Он показал парню кулак, потом, заметив, что Ларс с трудом сдерживает смех, махнул рукой и сам громко заржал.

Отсмеявшись, Севка заметил, что Мэн и в самом деле разговаривает с Тариэлем, причем вполне серьезно. В этот момент в его облике не было ничего от безбашенного мальчишки. С эльфом говорил «испанский гранд», говорил сверху вниз, как господин с вассалом. И Тариэль внимательно слушал, время от времени кивая, потом, прижав левую руку к груди, медленно и выразительно произнес несколько слов. С места, где сидели друзья, ничего не было слышно, но пантомима была очень выразительной: эльф торжественно давал Мэну какое-то обещание. Потом написал что-то на листке пергамента и вынес из палатки белую птицу. Почтовый вестник отправился в далекий полет. Мэн коротко кивнул в знак благодарности.

-И что бы это значило? – не рассчитывая на ответ, спросил Севка у Ларса, но тот лишь пожал плечами.

-Вот, блин, тайны мадридского двора, – выдал Мясоедов где-то услышанную фразу.

После обеда полуэльф вытащил из спрятанного под курткой футляра флейту и заиграл.

Прозрачная пастушеская мелодия зазвучала над лесом, рассказывая о далеких лугах и чистых озерах, о прежних счастливых днях и смутных надеждах. Не рок, конечно, просто фольк, но чистые звуки флейты почему-то напомнили Севке о любимой группе «Крематорий», и о девушке, которая любила клубнику со льдом…

Прозрачный, холодноватый напев флейты застал слушателей врасплох. Звуки рассыпались серебряными льдинками, на время, пусть и не очень долгое, вымораживая в душах очаги жестокости и дикости. Конечно, флейте недоставало скрипичной мягкости и проникновенности: ведь скрипка плачет, а флейта поет, – но Севка вдруг понял, что и ее простая песня иногда способна вызвать слезы. Полуэльф еще не успел доиграть мелодию, как в нее неожиданно вплелись глубокие, тревожные стоны струн, придававшие простенькой песенке более современное джазовое звучание: Ларс взялся за банджо. Приспосабливаясь к аккомпанементу, свирель заиграла резче и живее.

Ларс, поймав настроение, протянул другу листок со словами, и Севка, стараясь следовать за мелодией, негромким рэперским голосом подпел:

Первая любовь Миф Бродит по земле Скиф

Не найдет никак Меч Чтоб по ширине Плеч

В осень покраснел Клен Все слова любви Тлен

Закружится снег Вновь Чтоб охолодить Кровь

Но опять болеет Душа Нету за душой Ни шиша

Бродит по земле Скиф Чтобы воскресить Миф

В лагере, казалось, все замерло, прислушиваясь. Больше всего Мясоедова поразила реакция орков. На тупых звероподобных мордах, отражавших никогда прежде не испытанные чувства, застыло выражение даже не восторга, а совершенно невероятного потрясения, как будто перед этими не слишком разумными существами внезапно открылся новый мир. Красноватые отблески костра придавали сюрреалистической картинке потусторонний вид: казалось, что черти из преисподней внезапно заслушались пением небесных ангелов.
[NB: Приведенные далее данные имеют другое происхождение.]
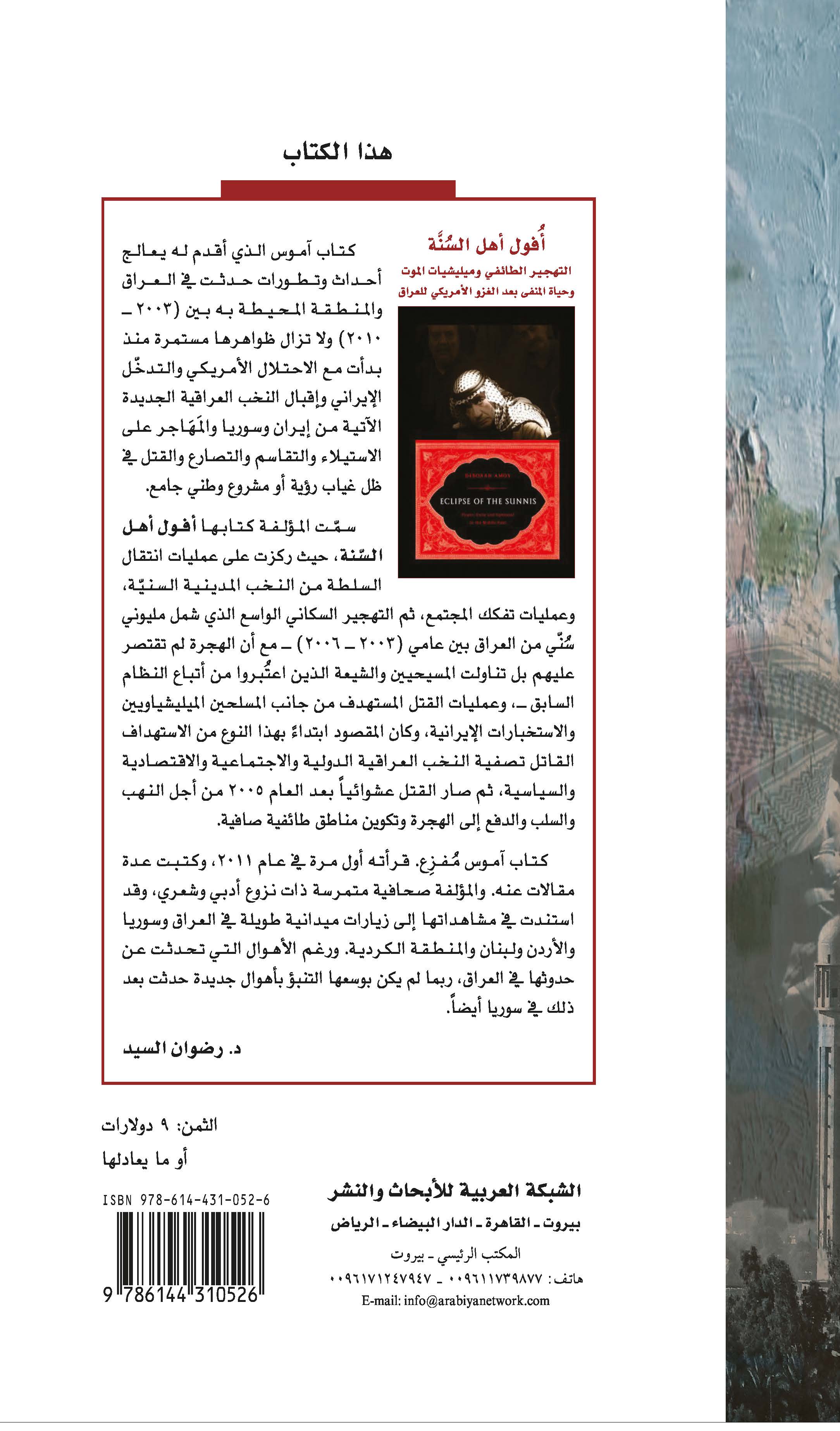 سمّت المؤلفة كتابها أفول أهل السّنة، حيث ركزت على عمليات انتقال السلطة من النخب المدينية السنيّة، وعمليات تفكك المجتمع، ثم التهجير السكاني الواسع الذي شمل مليوني سُنّي من العراق بين عامي (2003 – 2006) – مع أن الهجرة لم تقتصر عليهم بل تناولت المسيحيين والشيعة الذين اعتُبروا من أتباع النظام السابق -، وعمليات القتل المستهدف من جانب المسلحين الميليشياويين والاستخبارات الإيرانية، وكان المقصود ابتداءً بهذا النوع من الاستهداف القاتل تصفية النخب العراقية الدولية والاجتماعية والاقتصادية والسياسية، ثم صار القتل عشوائياً بعد العام 2005 من أجل النهب والسلب والدفع إلى الهجرة وتكوين مناطق طائفية صافية.
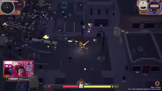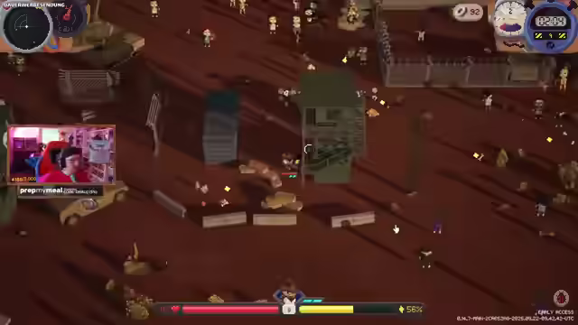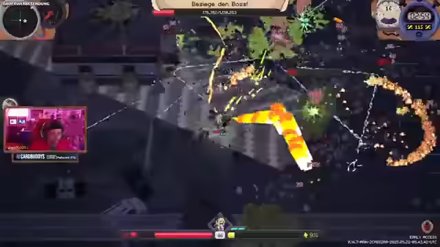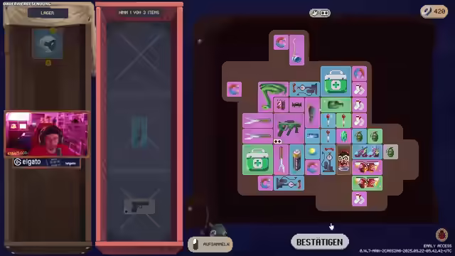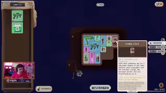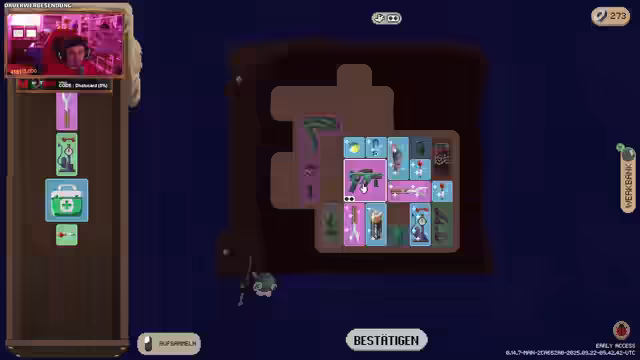 08:35:21Es wird über die Optimierung der Items diskutiert, insbesondere über die Anordnung der Socken und die Verwendung des Magneten. Es wird festgestellt, dass das Jojo noch nicht auf maximaler Reichweite ist und versucht, dies zu korrigieren. Es wird ein Medkit mitgenommen, da dies als wichtig erachtet wird. Es wird ein Staubsauger für das nächste Level gefunden. Es wird festgestellt, dass die ganze Zeit noch eine Waffe mitgenommen werden kann. Es wird überlegt, ob Overheat mehr Schaden macht, sich aber nicht lohnt, wenn man tot ist. Es wird sich über das gefundene Benzin gefreut. Es wird überlegt, ob ein Molotow-Cocktail sinnvoll ist und wo er angebracht werden soll. Es wird ein Kristall unter die Dose platziert und überlegt, ob Dynamit an die zweite Waffe gepackt werden soll. Es wird ein Shop entdeckt und überlegt, ob ein Reroll möglich ist. Es wird überlegt, welche Einhandwaffe gut wäre und sich über die vielen Flaschen gewundert. Es wird festgestellt, dass das Jojo nun auf Max Range ist. Es wird sich über die wenigen Level-Ups gefreut und ein Flummi gefunden. Es wird gepumpt und über Buxtehude noch etwas gelootet. Es wird festgestellt, dass die Map nicht sehr groß ist und es nicht viel Benzin gab. Es wird von zu vielen Gegnern in die Ecke gedrängt.

-«Ну и кантри, офигеть!» – характерная мелодия вызвала мучительную тоску по родному миру. Быстро затухающие всхлипы струн вносили в звучание свирели мучительный диссонанс, нарушая его простоту, целостность, оставляя в музыке незавершенность, и Севка остро ощутил отсутствие ударных. Самые примитивные тарелки, барабан, тамтам вернули бы мелодии ритм, восстановив утраченное совершенство. Сейчас бы отлично пошла в дело даже пара бутылок из-под пива «Балтика»!

Кто-то тронул Севку за руку. Обернувшись, он увидел Влака, держащего в руках небольшой бубен. Ну, конечно, орчонок стянул у гномов один из свадебных подарков!

Мальчишка, довольный, что сумел предугадать желание старшего брата, протянул ему инструмент.

Севка смутно припомнил, что кто-то из гномов рассказывал на свадьбе, что бубен прежде принадлежал шаману вымершего племени троллей и использовался только для вызывания богов.

Деревянный бубен, обтянутый чьей-то зеленоватой шкурой, очень сильно смахивающей на гоблинскую или орочью – Севка предпочел не задумываться о ее происхождении, – был украшен желтыми металлическими колокольцами, издававшими неожиданно нежный приятный звон.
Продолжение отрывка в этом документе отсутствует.